March 2014, TruckingInfo.com - WebXclusive
Stephen Roy: "We feel that this year we’re going to bust above 10%" market share.
Stephen Roy has been Mack Trucks president, sales and marketing for North America since Jan. 1. He has worked in the truck building industry for 25 years, much of it with Mack. He started in sales and then went to financing and leasing, where he gained an appreciation for “fleet frustrations.” Roy spent the last five years in aftermarket parts and service, which he says is key to the company’s continued success.
Recently Roy met with trucking industry reporters and said Mack has the right products and has worked with its dealers to speed diagnostics and repairs and add uptime to customers’ trucks. He has added marketing and support staff, and dealers are “fired up” to sell trucks, with new emphasis on highway applications.
We sat down with Roy for some additional insight:
HDT: Truck operators complain about service delays at dealerships in general. What is Mack doing to speed repairs?
Roy: An example is our ASIST, a tool that integrates our customer with the dealer and the OE. Last year we announced Mack GuardDog Connect. This service integrates Mack’s vehicle telematics with our Uptime Center to monitor vehicles and proactively act on any potential issues. If we see any issues, like low coolant, we can proactively notify the customer not only of the issue, but also on the severity of the condition and recommendations for service repair. This service not only provide information for the customer to make the best decision on their delivery, but also many of the repairs can be performed by the customer at their own facility. We even provide repair instructions to expedite that process. With geofencing, we see when the truck’s at a dealer for an hour or more and we can call the dealer and ask, “How can we help to get that truck repaired?” Our Uptime Center focuses on getting the truck on the road.
Q. Isn’t that Big Brotherism?
A. Dealers don’t think it’s Big Brother. They understand that we’re trying to help them move that truck out the door. If customers don’t want to participate, we’ll understand. We sign privacy agreements that we’ll use their data only to help them.

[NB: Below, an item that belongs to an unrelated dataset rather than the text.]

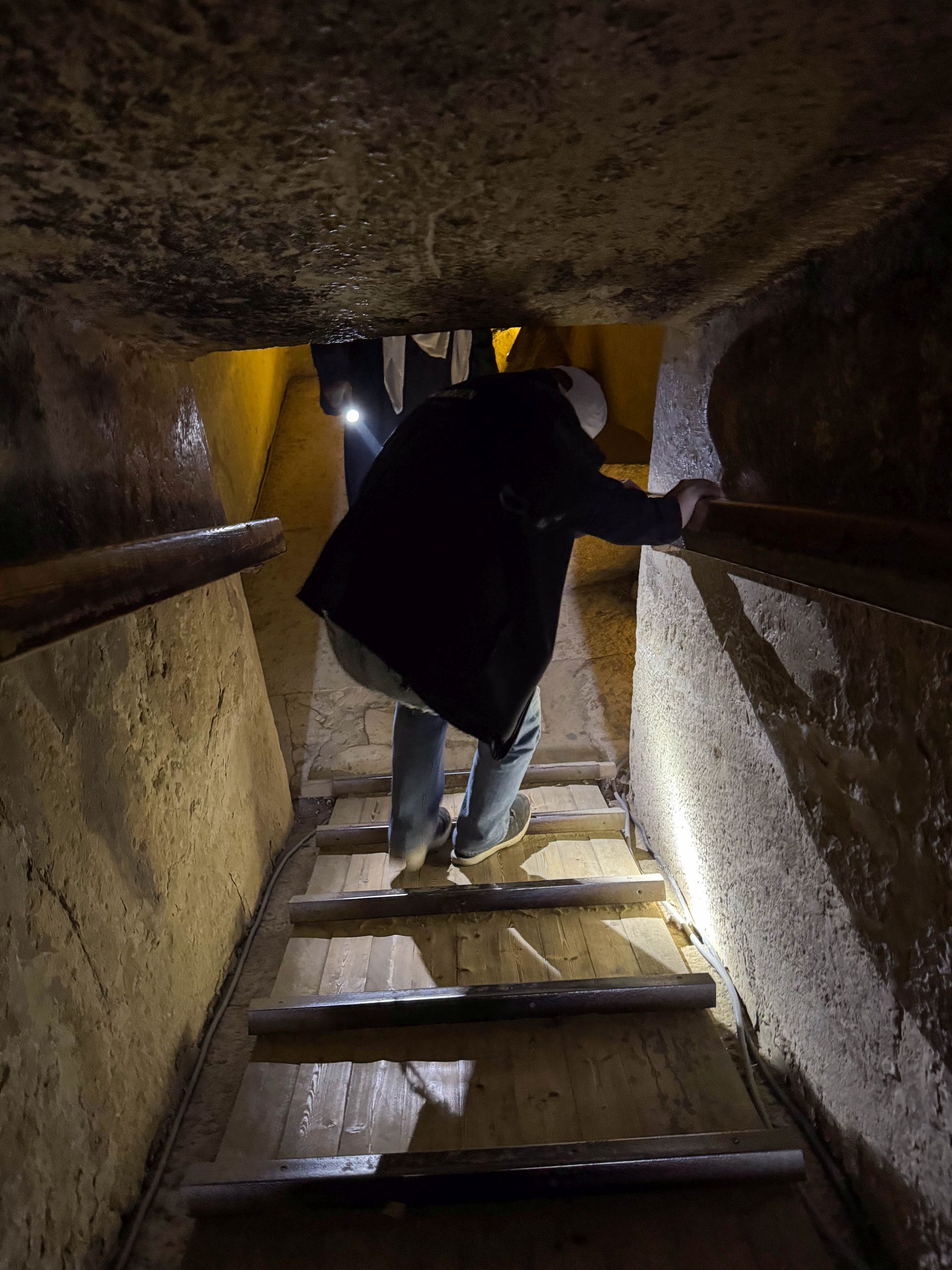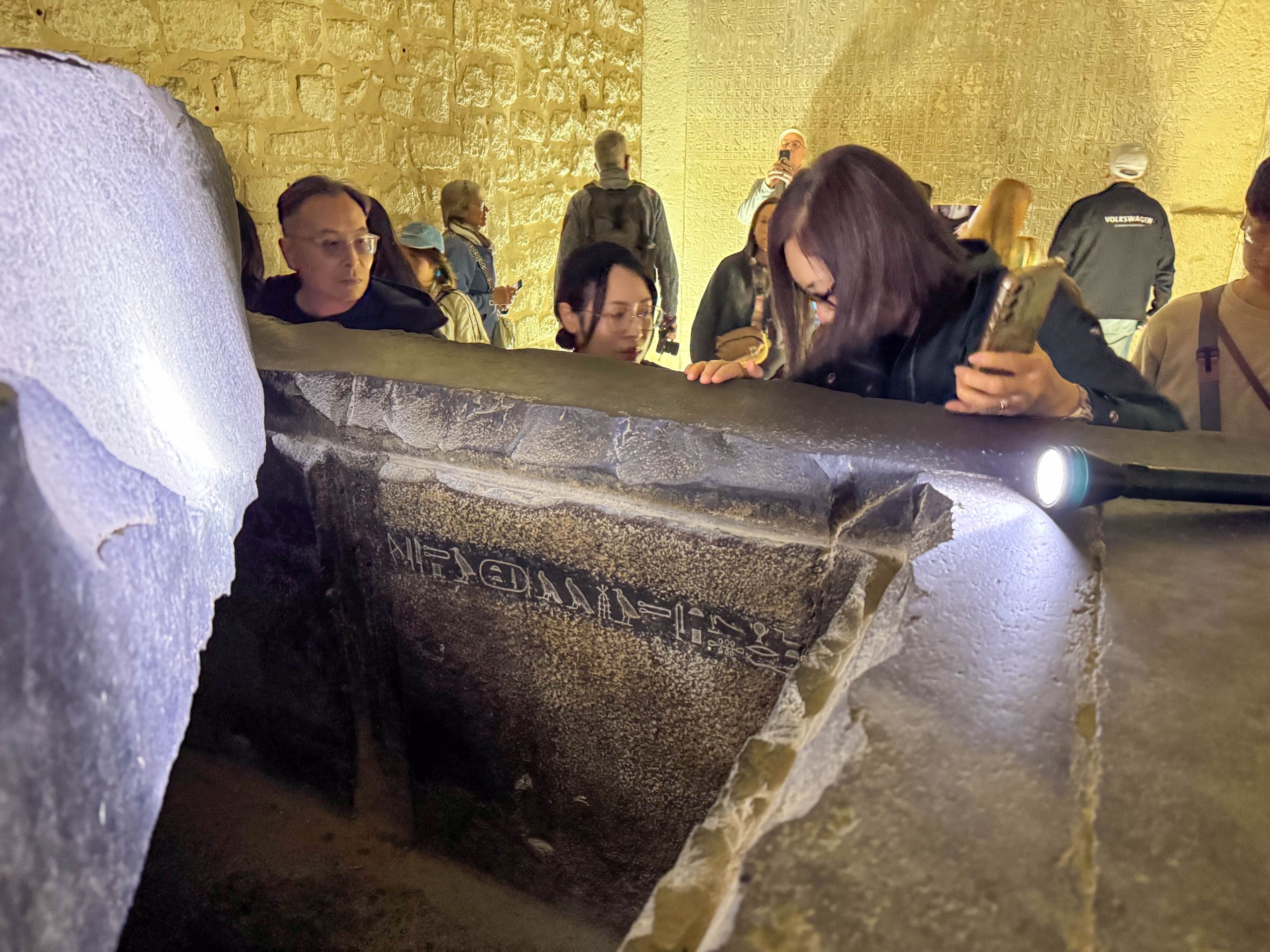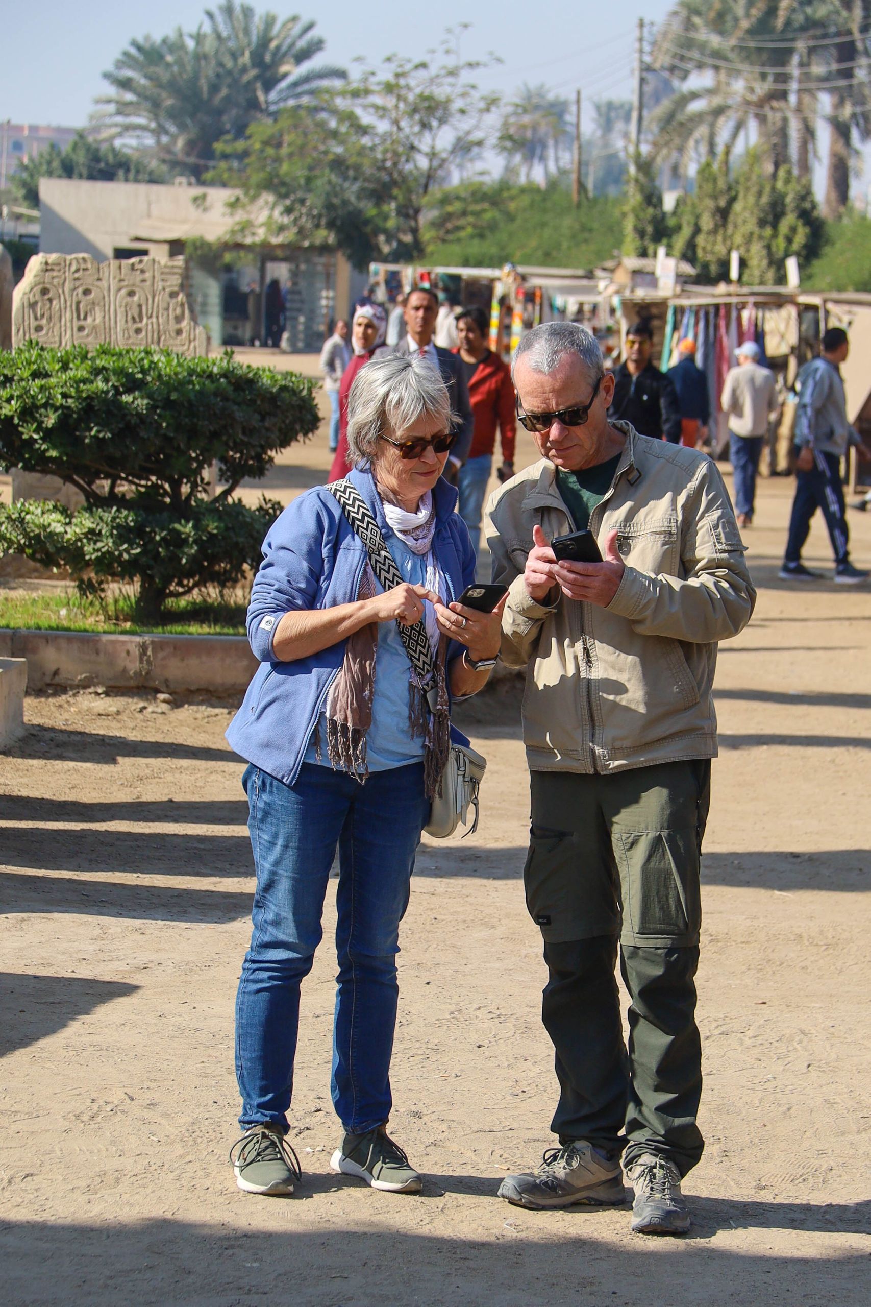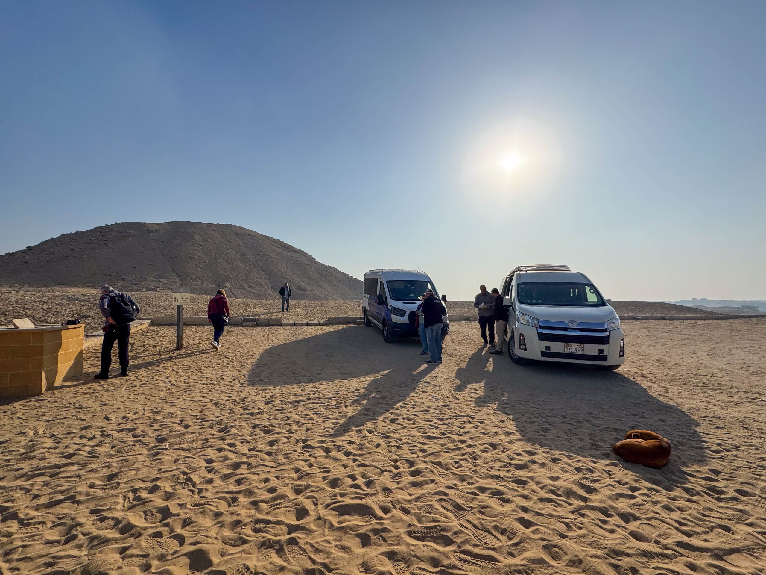 Heute geht es zuerst nach Sakkara. Hier können wir wunderschöne bis zu 5000 Jahre alte Mastabas, also Grabbauten, besichtigen. Unser Vorteil ist, dass wir in einer sehr kleinen Gruppe von neun Personen unterwegs sind und so dort hineindürfen. Die Gräber, z.B. das Grab des Ti oder des Mehu, bei denen es sich um hochrangige Grabwächter und Beamte handelt, sind mit wunderschönen Reliefs verziert, teilweise auch mit roter und blauer Farbe. Die dargestellten Szenen sind größtenteils bis ins kleinste Detail ausgearbeitet und lassen einen wirklich staunen.

Q. Can customers get some of that data?
A. Later this year we’ll announce a partnerships with various fleet management service providers that offer data and productivity tools for customers.
Q. In truck products, where is Mack now and where is it going?
A. We have a very clear role on the vocational side, we’re strong on the daycab regional side, and now we're also focusing on the long-haul highway business. We’ve invested $20 million in our plant in Macungie, and $260 million at our facilities in Hagerstown, Allentown and Greensboro. For the highway side, our dealers have invested $300 million in expanding their facilities, and adding second and third locations.
Q. Will dealers continue to be dualed with Volvo?
A. Some are going the other way. They’re moving to separate facilities so they can better support each brand. We’re part of Volvo Group and there’ll always be some overlap, but we can keep that at a minimum.
Q. How about technicians?
A. We’ve increased our technician numbers by 50%, and one in four are now Master Technicians. These are folks who are experts at looking at diagnostics and at the higher-end drivetrain components. Last year we signed an agreement with WyoTech for advanced diesel training for our technicians.
Q. How is vocational business now?
A. Refuse continues to be strong, and we’ll have a new automated side-loader product later this year. In construction, we had the greatest presence of all builders in the booths at World of Concrete [in January], not just us but also through the body builders we work with. At the ConExpo show [this month] we’re going to announce a relaunch of the Mack brand. 2006 was the high-water mark in construction and the industry is now at 50 to 60% of where we were then in sales. It’s only going to continue to increase because there’s so much pent-up demand.
Q. Where’s Mack in market share?
A. We feel that this year we’re going to bust above 10%. In 2013, we were at 9.5% for the second half of 2013 and 9.8% in the fourth quarter, so we have good momentum. With vocational now growing – the backlog and the amount of activity we see right now -- there’s no reason we can’t get above 10% this year, with visions of being much greater.